WORKING DATA START
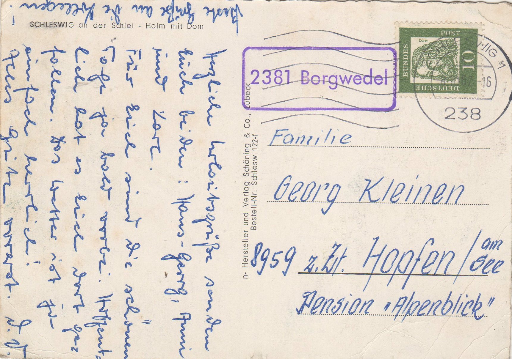 ich zeige heute eine Ansichtskarte aus Borgwedel nach Hannover-Kleefeld aus dem Jahr 1956. Borgwedel hatten wir schon mal im thread norddeutsche Ansichtskarten. Ich zeige die Vorderseite anschließend auch dort.
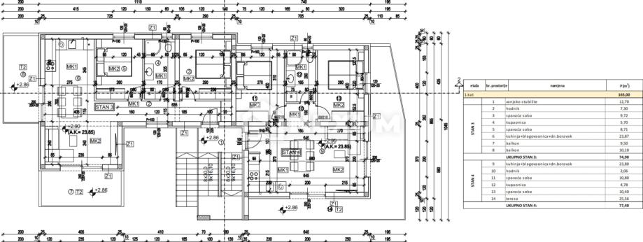 Na prodaju je dvosoban stan S4 na prvom katu zgrade ukupne korisne površine 77,40m2, od čega unutarnji dio stana ima površinu 51,84m2, dok površina terase iznosi 25,56m2.
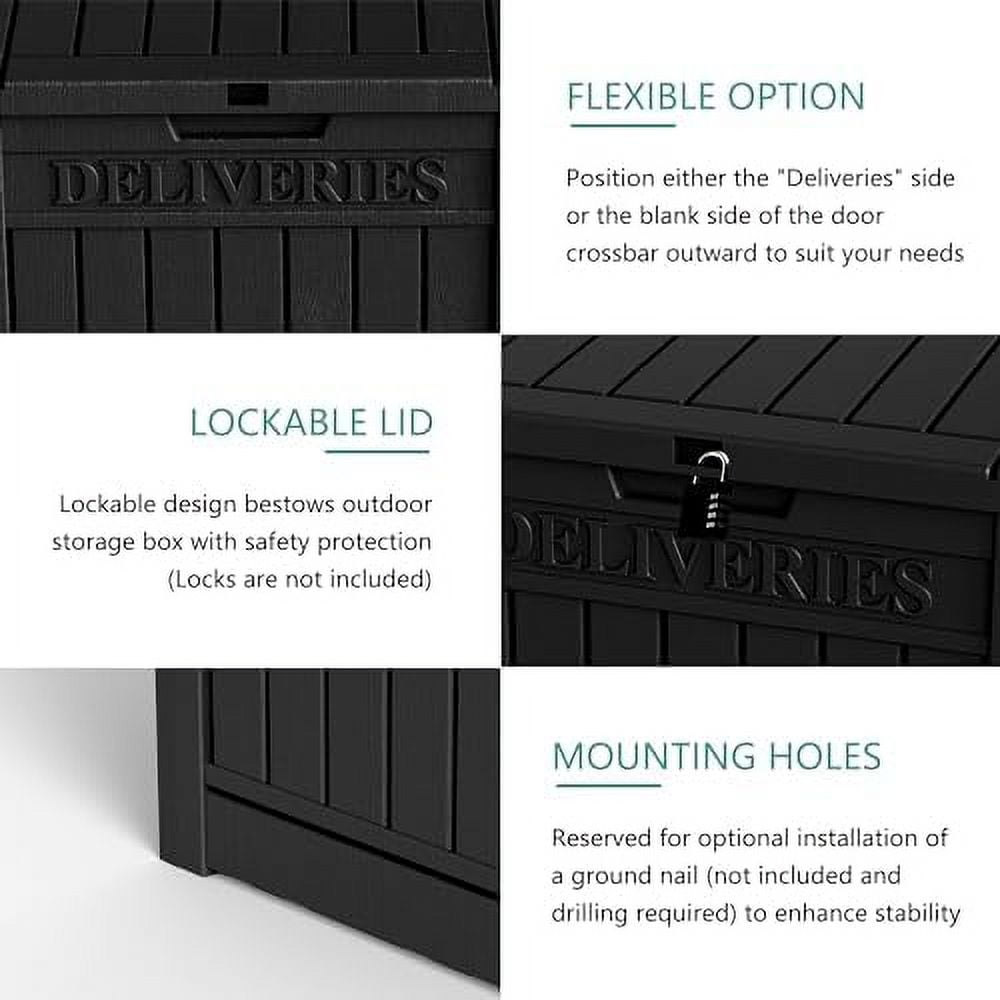 Home Mailboxes 48 Gallon Large Package Delivery Box,Storage Box with Lockable Secure,Double-Wall Resin Outdoor Package Delivery and Waterproof Deck Box for Porch, Curbside (Black)
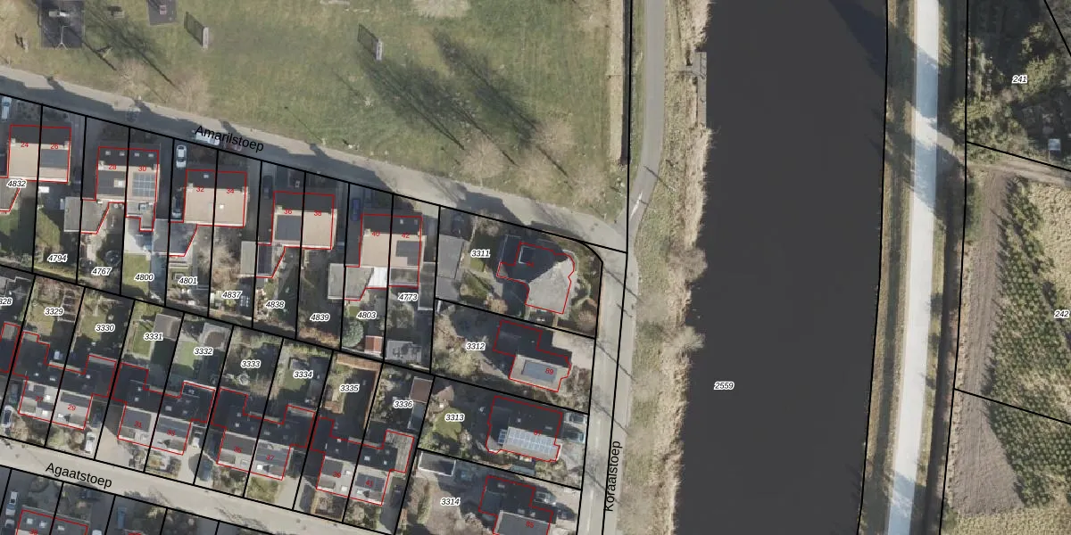Het perceel waarop Amarilstoep 44 staat heeft een oppervlakte van 527 m². Dit is een groot perceel. De perceeloppervlakte wordt geregistreerd door het Kadaster. Gedetailleerde informatie over de maten van dit perceel kunt u vinden in het rapport Kadastrale kaart met maatvoering van Amarilstoep 44.
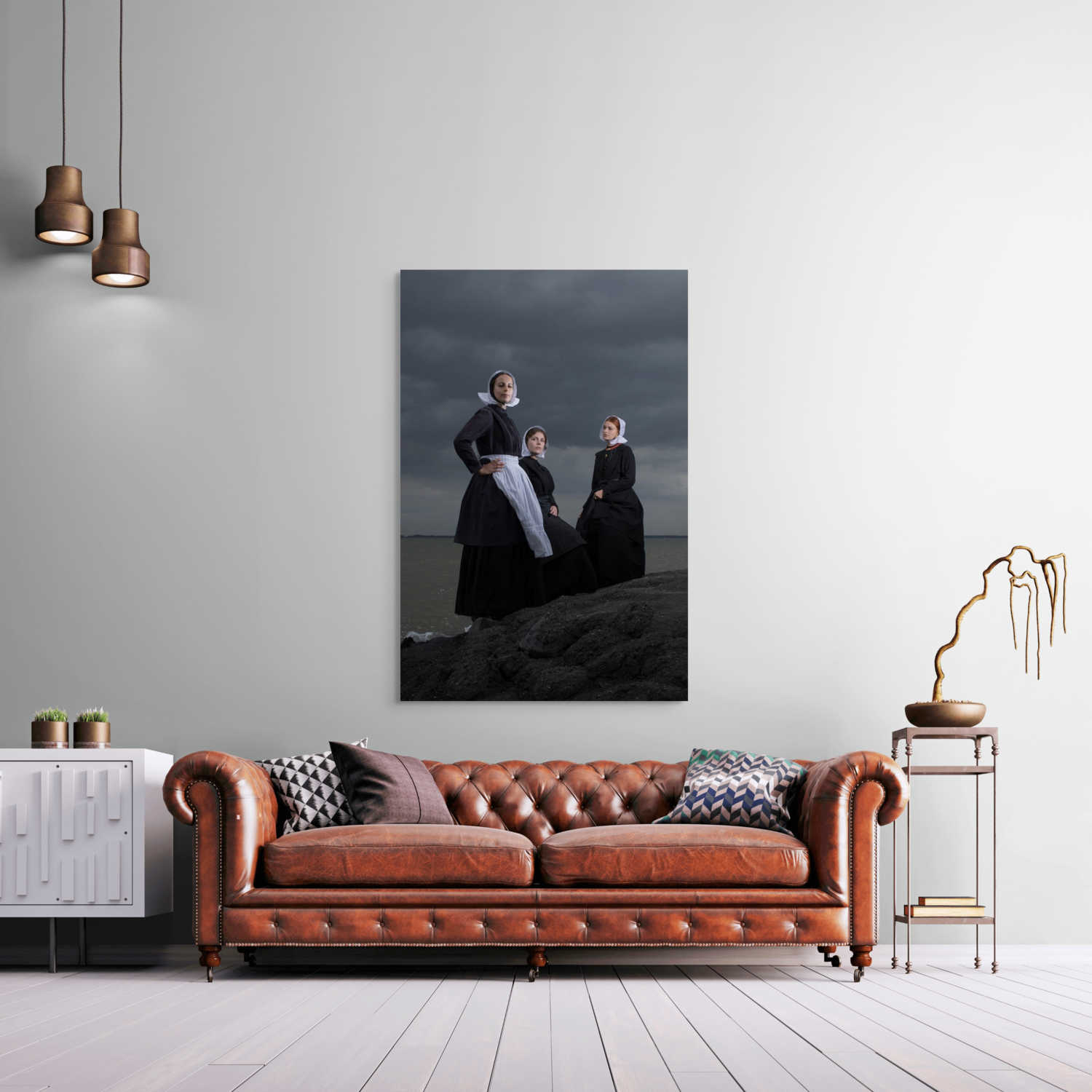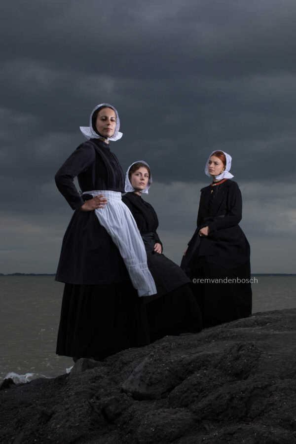 Een samenhorig en krachtig beeld van drie modellen in zwart-witte traditionele dracht, staand aan de kust. De kalme verbinding met de omgeving en de ingetogen kleuren geven dit werk een serene uitstraling.
WORKING DATA END
> **WHAT THE TASK REQUIRES**
Going from the line holding "Het perceel waarop" to the last line of the data above, reproduce every line exactly, both included, with the pictures omitted.

> **FINISHED EXERCISE**
Het perceel waarop Amarilstoep 44 staat heeft een oppervlakte van 527 m². Dit is een groot perceel. De perceeloppervlakte wordt geregistreerd door het Kadaster. Gedetailleerde informatie over de maten van dit perceel kunt u vinden in het rapport Kadastrale kaart met maatvoering van Amarilstoep 44.
 Een samenhorig en krachtig beeld van drie modellen in zwart-witte traditionele dracht, staand aan de kust. De kalme verbinding met de omgeving en de ingetogen kleuren geven dit werk een serene uitstraling.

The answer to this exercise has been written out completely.